Historically reserved for the social elite, private clubs have diversified to accommodate everyone from Creative minds to change decision-makers.

Here’s a look at five of London‘s leading private member clubs.

For those who work hard, those who party: Annabel’s

Annabel’s, Mayfair, is an institution in the heart of one of the most exclusive districts. Open since the 1960s, the club has hosted everyone from Richard Nixon to Lady Gaga.

A Picasso painting greets visitors as they arrive in the lavish lobby, which unfolds into extravagant meeting rooms, restaurants and a garden Court. After hours, Annabel’s “handpicked chemistry of like-minded people who share a passion for the finer things in life” revel in her legendary nightclub.

As for the dress code, “fashion trainers…in good condition” are acceptable, ripped jeans are not, and gentlemen should wear jackets after 6pm. Member events range from the pagan-influenced Summer Solstice to a Halloween horror circus and fundraisers for the Amazon tropical forest.

For the creative: The Arts Club

This “community of savvy thinkers and opinion leaders” is full of creatives, film enthusiasts and photographers to musicians and actors.

Annual membership costs you £2,500 (€2,960) plus a membership fee of £2,000 (€2,370).
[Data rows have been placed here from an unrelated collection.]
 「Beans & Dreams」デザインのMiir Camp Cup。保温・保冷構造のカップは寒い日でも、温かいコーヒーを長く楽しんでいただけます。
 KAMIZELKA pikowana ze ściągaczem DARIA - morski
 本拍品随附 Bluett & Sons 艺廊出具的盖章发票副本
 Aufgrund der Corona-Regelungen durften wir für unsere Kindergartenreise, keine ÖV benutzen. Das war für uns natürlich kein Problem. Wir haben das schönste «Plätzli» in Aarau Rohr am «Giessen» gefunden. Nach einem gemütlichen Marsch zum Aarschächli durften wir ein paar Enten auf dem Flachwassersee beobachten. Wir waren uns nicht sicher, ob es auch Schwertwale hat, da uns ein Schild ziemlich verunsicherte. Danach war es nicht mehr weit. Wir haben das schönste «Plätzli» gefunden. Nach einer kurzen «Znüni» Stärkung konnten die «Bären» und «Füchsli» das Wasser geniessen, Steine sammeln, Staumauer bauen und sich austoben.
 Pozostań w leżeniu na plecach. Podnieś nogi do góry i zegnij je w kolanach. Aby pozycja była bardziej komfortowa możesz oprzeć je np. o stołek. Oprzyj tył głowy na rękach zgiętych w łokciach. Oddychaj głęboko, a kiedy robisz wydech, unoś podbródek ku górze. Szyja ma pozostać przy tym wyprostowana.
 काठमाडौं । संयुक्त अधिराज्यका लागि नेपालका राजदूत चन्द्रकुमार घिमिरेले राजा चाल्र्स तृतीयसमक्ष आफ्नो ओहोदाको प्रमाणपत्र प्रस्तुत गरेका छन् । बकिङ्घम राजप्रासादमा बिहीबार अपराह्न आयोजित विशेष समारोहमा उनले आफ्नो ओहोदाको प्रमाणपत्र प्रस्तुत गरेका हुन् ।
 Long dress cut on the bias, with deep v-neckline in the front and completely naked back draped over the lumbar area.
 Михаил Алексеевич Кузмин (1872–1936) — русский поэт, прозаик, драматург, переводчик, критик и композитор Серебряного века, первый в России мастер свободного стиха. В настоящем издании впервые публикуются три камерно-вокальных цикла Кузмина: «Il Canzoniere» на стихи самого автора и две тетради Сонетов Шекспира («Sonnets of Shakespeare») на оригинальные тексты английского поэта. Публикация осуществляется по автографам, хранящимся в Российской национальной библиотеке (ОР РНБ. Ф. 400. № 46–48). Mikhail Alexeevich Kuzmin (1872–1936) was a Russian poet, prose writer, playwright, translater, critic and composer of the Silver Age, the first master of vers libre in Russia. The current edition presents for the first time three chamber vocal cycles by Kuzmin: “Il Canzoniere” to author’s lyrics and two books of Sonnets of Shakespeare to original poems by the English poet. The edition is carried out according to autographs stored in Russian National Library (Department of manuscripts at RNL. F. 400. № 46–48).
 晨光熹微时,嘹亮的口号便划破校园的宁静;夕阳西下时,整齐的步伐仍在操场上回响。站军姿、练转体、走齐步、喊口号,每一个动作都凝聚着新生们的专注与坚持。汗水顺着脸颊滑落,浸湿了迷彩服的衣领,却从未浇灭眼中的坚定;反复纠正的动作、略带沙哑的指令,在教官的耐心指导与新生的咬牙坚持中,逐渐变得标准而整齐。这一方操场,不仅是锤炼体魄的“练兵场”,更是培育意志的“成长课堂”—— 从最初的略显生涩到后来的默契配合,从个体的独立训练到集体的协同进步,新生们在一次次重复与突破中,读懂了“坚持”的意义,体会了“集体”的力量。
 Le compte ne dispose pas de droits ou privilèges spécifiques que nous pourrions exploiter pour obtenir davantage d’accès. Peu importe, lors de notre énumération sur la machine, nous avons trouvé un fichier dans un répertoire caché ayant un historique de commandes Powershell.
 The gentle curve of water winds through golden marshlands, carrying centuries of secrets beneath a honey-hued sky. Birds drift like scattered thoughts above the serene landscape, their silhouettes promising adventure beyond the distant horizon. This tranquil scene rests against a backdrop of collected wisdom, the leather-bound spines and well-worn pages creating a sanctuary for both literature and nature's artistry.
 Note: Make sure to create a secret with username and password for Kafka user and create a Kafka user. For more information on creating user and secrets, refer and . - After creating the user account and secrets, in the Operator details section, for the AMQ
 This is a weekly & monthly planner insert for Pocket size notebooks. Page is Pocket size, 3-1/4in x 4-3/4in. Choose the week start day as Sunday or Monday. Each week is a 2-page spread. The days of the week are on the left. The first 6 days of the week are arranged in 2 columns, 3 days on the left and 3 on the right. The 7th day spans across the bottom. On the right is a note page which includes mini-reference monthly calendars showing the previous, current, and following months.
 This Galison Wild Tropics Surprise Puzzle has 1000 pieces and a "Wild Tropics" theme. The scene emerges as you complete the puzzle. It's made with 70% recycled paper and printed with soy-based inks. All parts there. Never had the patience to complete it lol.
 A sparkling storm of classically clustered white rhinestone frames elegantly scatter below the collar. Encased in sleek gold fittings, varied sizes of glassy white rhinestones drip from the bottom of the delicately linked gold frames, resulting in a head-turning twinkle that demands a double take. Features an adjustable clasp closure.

This gives you access to exclusive live music events and discussions with industry experts on everything from NFT to the art of rest.

Members also take advantage of the club’s private event spaces, restaurants and bars – including one for the rare cigars and whiskey – sprinkled with impressive art facilities.

For change makers: The Conduit

Club members with a conscience congregate at this Mayfair haunt. Want to join them? You will need a proven track record in wellness. The Conduit invites “entrepreneurs, investors, creatives, business leaders, activists, civil society leaders and policy makers” to pool their knowledge network and capital to drive positive make an impact and solve global challenges.

For the elitists: 5 Hertford Street

If you need to ask for membership fee for this more exclusive exclusive clubs for exclusive individuals, you will not be allowed to join. Sorry, no scum here – provided you define scum as almost everyone else. Inside, it’s as opulent as any ivory tower with two restaurants, three bars, and a nightclub, LouLou’s.

For the gourmands: Mossiman’s

The hype around Mossiman’s high kitchen is fully justified. Members dig French, seasonal and comforting dishes in the wood-panelled Davidoff Room overlooking the kitchen. Unlike the Montblanc room for two, you can turn around here.

For the jet-setters: Soho House

Soho House touts itself as a club for creatives, but these days you’re just as likely to find accountants with memberships. The biggest advantage of this club is that there are so many. Get a subscription and you can relax as much in New York and Istanbul like in London.